## Requirement:
Taking the line with "Туфли для мальчика, бренд" as the first, copy every line through the end of the records below exactly. Do not include pictures.
:::
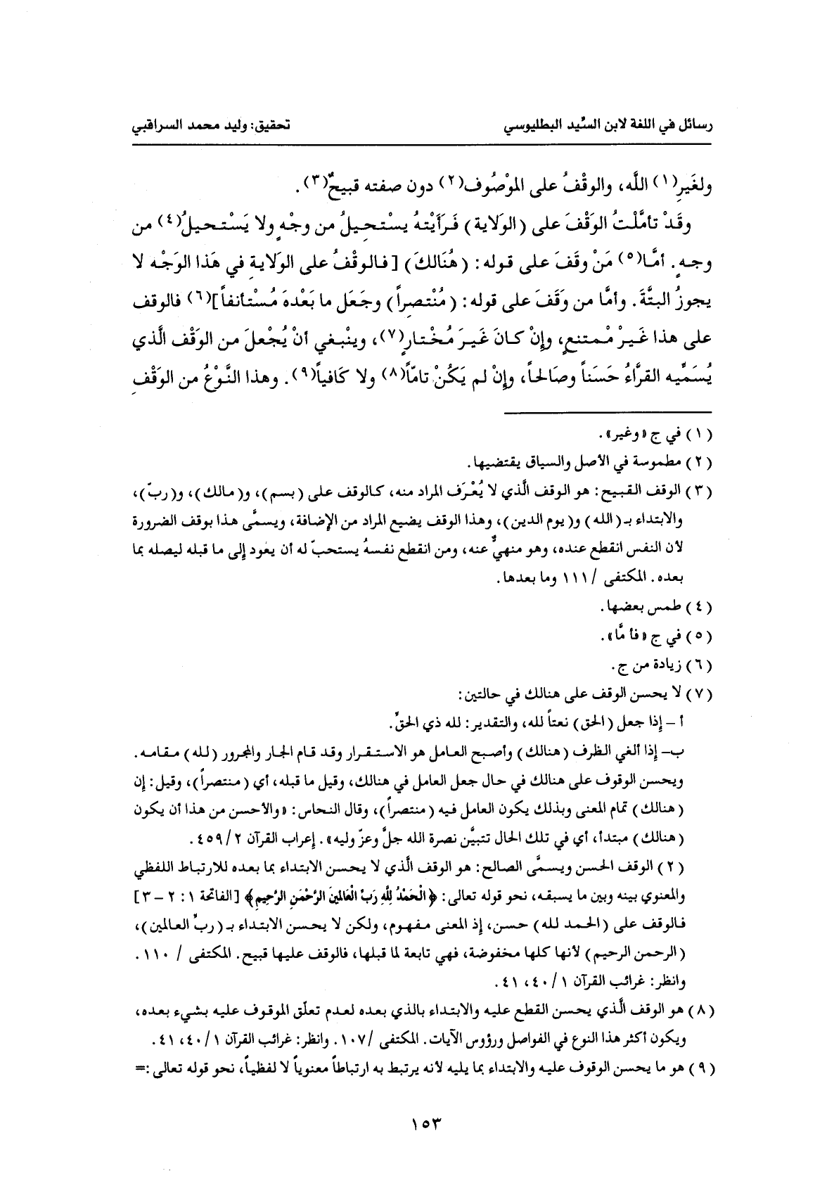 ولغير الله، والوقف على الموصوف دون صفته قبيح. وقد تأملت الوقف على (الولاية) فرأيته يستحيل من وجه لا يستحيل من وجه. أما من وقف على قوله: (هنالك) [فالوقف على الولاية في هذا الوجه لا يجوز البتة. وأما من وقف على قوله: (منتصراً) وجعل ما بعده مستأنفاً] فالوقف على هذا غير ممتنع، وإن كان غير مختار، وينبغي أن يجعل من الوقف الذي يسميه القراء حسناً وصالحاً، وإن لم يكن تاماً ولا كافياً. وهذا النوع من الوقف
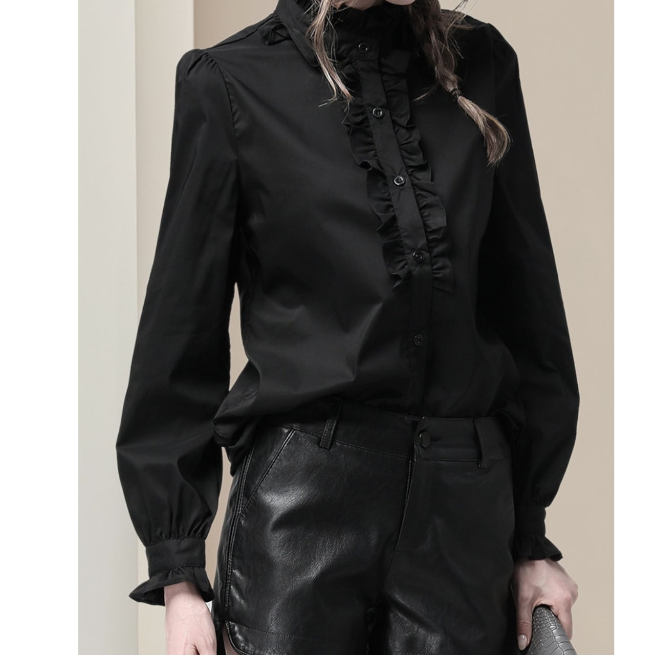 ・首元から胸元にかけてあしらわれたフリルが、顔周りを明るく、そして華やかに演出。オフィススタイルにはもちろん、パーティーシーンにもおすすめです。
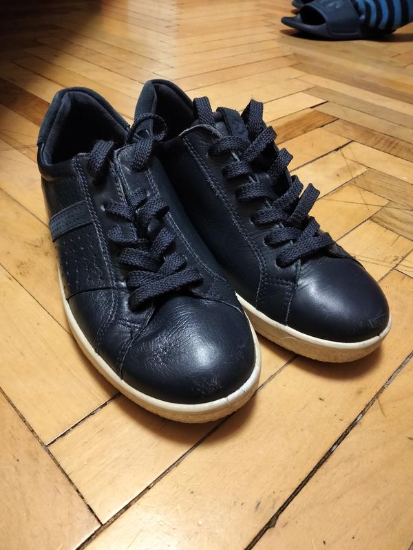 Туфли для мальчика, бренд ecco, стелька 23,5 см, синие, на шнурках, натуральная кожа
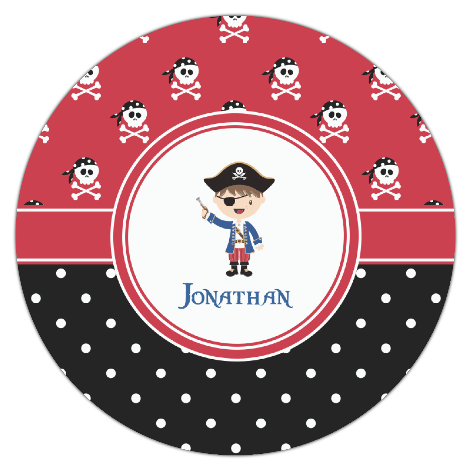 A wide band of red, trimmed in white highlight the pirate boy in the circle label. Add your personalization in the label to complete the look.
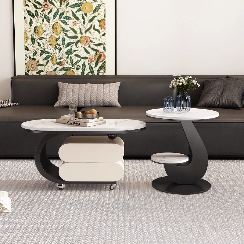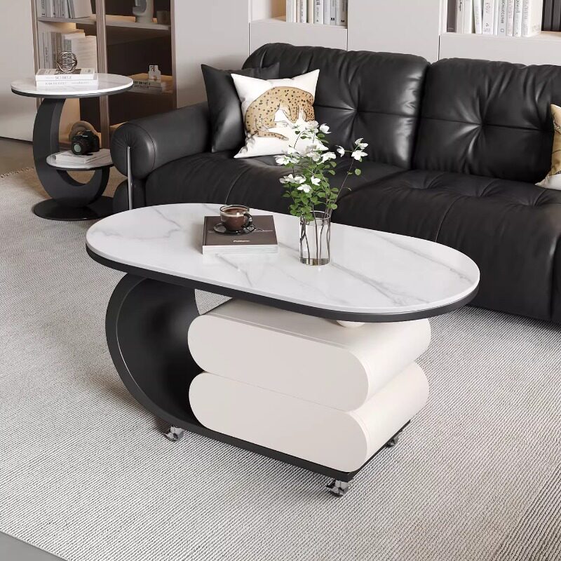 茶几带抽屉现代轻奢可移动家用岩板推车边几高级设计椭圆角几
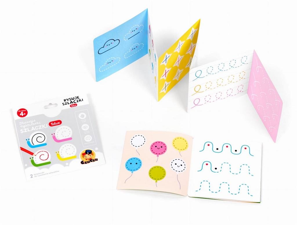 W dłuuugich książeczkach harmonijkach znajdziecie 23 ilustracje pełne prostych obrazków, które inspirują do rysowania szlaczków. To naturalny wstęp do przyszłej nauki pisania oraz trening uważności, koncentracji i cierpliwości.
:::
## Response to the task:
 Туфли для мальчика, бренд ecco, стелька 23,5 см, синие, на шнурках, натуральная кожа
 A wide band of red, trimmed in white highlight the pirate boy in the circle label. Add your personalization in the label to complete the look.
 茶几带抽屉现代轻奢可移动家用岩板推车边几高级设计椭圆角几
 W dłuuugich książeczkach harmonijkach znajdziecie 23 ilustracje pełne prostych obrazków, które inspirują do rysowania szlaczków. To naturalny wstęp do przyszłej nauki pisania oraz trening uważności, koncentracji i cierpliwości.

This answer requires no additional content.